- _Problem to solve_
Find "Frank Olofsson.Nordlig Flygtrafik" below and begin at its line; stop after the line with "A cute gray". Output those lines exactly, without pictures.

- _Material for the task_
=-=-=
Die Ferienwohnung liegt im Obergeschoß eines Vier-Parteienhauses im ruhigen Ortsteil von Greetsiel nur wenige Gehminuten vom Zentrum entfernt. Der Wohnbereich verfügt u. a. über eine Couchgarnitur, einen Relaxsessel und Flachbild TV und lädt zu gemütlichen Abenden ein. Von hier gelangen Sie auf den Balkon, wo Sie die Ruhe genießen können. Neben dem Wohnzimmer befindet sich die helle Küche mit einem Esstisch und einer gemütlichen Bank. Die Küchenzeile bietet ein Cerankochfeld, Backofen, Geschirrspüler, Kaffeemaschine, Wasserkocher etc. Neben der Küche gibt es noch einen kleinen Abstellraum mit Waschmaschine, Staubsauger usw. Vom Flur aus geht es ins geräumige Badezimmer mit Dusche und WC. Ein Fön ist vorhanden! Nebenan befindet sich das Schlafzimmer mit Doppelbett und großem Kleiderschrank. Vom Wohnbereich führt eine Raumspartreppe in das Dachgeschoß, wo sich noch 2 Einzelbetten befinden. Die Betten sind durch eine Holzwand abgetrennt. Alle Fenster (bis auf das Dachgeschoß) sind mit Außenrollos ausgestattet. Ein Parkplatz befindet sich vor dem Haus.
=-=-=
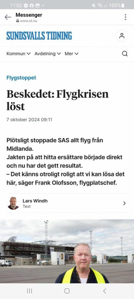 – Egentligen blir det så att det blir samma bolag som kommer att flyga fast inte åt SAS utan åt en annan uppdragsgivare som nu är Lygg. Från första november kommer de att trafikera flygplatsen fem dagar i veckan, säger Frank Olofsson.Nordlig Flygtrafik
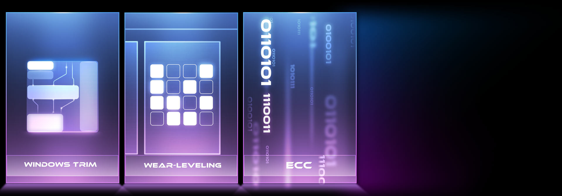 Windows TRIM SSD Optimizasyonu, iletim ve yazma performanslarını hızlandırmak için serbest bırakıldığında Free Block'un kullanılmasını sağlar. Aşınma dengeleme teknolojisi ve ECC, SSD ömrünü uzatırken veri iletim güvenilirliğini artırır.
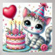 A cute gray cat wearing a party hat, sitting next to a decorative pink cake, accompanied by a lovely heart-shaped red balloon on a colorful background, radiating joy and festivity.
=-=-=
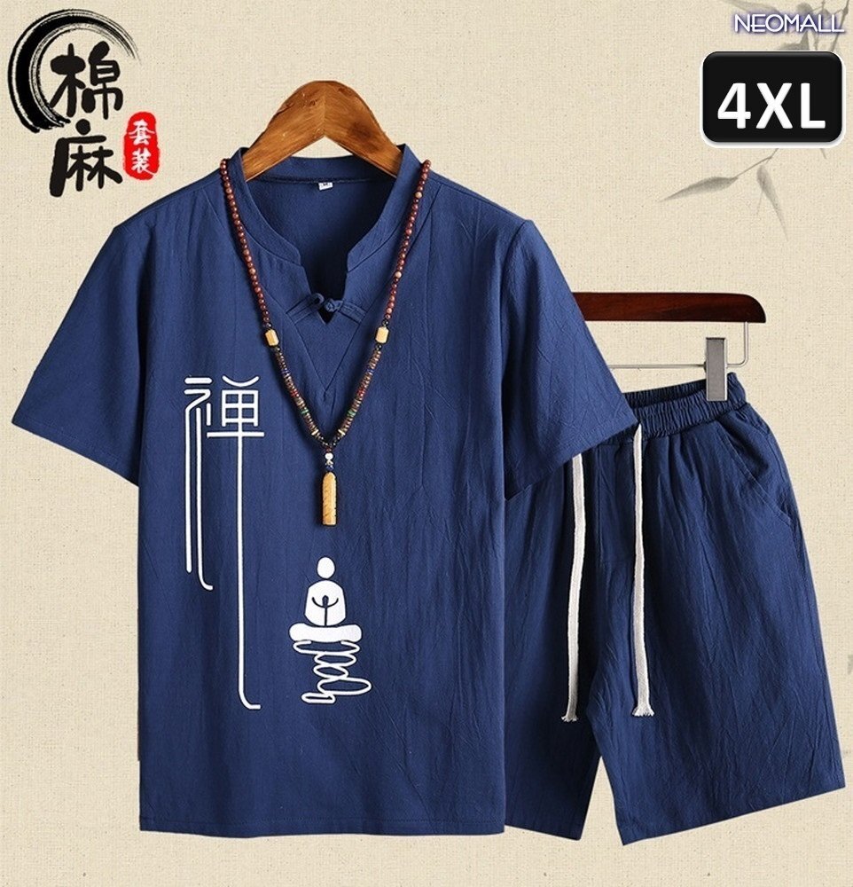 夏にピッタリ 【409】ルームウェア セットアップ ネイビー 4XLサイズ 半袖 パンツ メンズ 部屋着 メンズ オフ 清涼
=-=-=
- _Worked solution_
 – Egentligen blir det så att det blir samma bolag som kommer att flyga fast inte åt SAS utan åt en annan uppdragsgivare som nu är Lygg. Från första november kommer de att trafikera flygplatsen fem dagar i veckan, säger Frank Olofsson.Nordlig Flygtrafik
 Windows TRIM SSD Optimizasyonu, iletim ve yazma performanslarını hızlandırmak için serbest bırakıldığında Free Block'un kullanılmasını sağlar. Aşınma dengeleme teknolojisi ve ECC, SSD ömrünü uzatırken veri iletim güvenilirliğini artırır.
 A cute gray cat wearing a party hat, sitting next to a decorative pink cake, accompanied by a lovely heart-shaped red balloon on a colorful background, radiating joy and festivity.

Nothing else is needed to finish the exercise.